Most of these values are discussed at length in http://rulequest.com/cubist-unix.html
cubistControl(
unbiased = FALSE,
rules = 100,
extrapolation = 100,
sample = 0,
seed = sample.int(4096, size = 1) - 1L,
label = "outcome"
)
a logical: should unbiased rules be used?
an integer (or NA
): define an explicit limit to
the number of rules used (NA
let's Cubist decide).
a number between 0 and 100: since Cubist uses linear models, predictions can be outside of the outside of the range seen the training set. This parameter controls how much rule predictions are adjusted to be consistent with the training set.
a number between 0 and 99.9: this is the percentage of the data set to be randomly selected for model building (not for out-of-bag type evaluation).
an integer for the random seed (in the C code)
a label for the outcome (when printing rules)
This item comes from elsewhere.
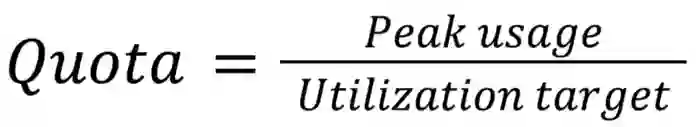 将第三高峰值定义为集群的峰值 CPU 利用率。在最后一步中,从集群的 42 个数据点(14 天 *3 个数据点 / 天)中提取峰值 CPU 利用率。峰值 CPU 利用率被定义为第三高的数据点。通过选择第三高的数据点,我们避免了对异常值的过度索引。在确定了每个集群的峰值 CPU 利用率后,我们将配额计算为:

A list containing the options.
Quinlan. Learning with continuous classes. Proceedings of the 5th Australian Joint Conference On Artificial Intelligence (1992) pp. 343-348
Quinlan. Combining instance-based and model-based learning. Proceedings of the Tenth International Conference on Machine Learning (1993) pp. 236-243
Quinlan. C4.5: Programs For Machine Learning (1993) Morgan Kaufmann Publishers Inc. San Francisco, CA
cubistControl()
#> $unbiased
#> [1] FALSE
#>
#> $rules
#> [1] 100
#>
#> $extrapolation
#> [1] 1
#>
#> $sample
#> [1] 0
#>
#> $label
#> [1] "outcome"
#>
#> $seed
#> [1] 2507
#>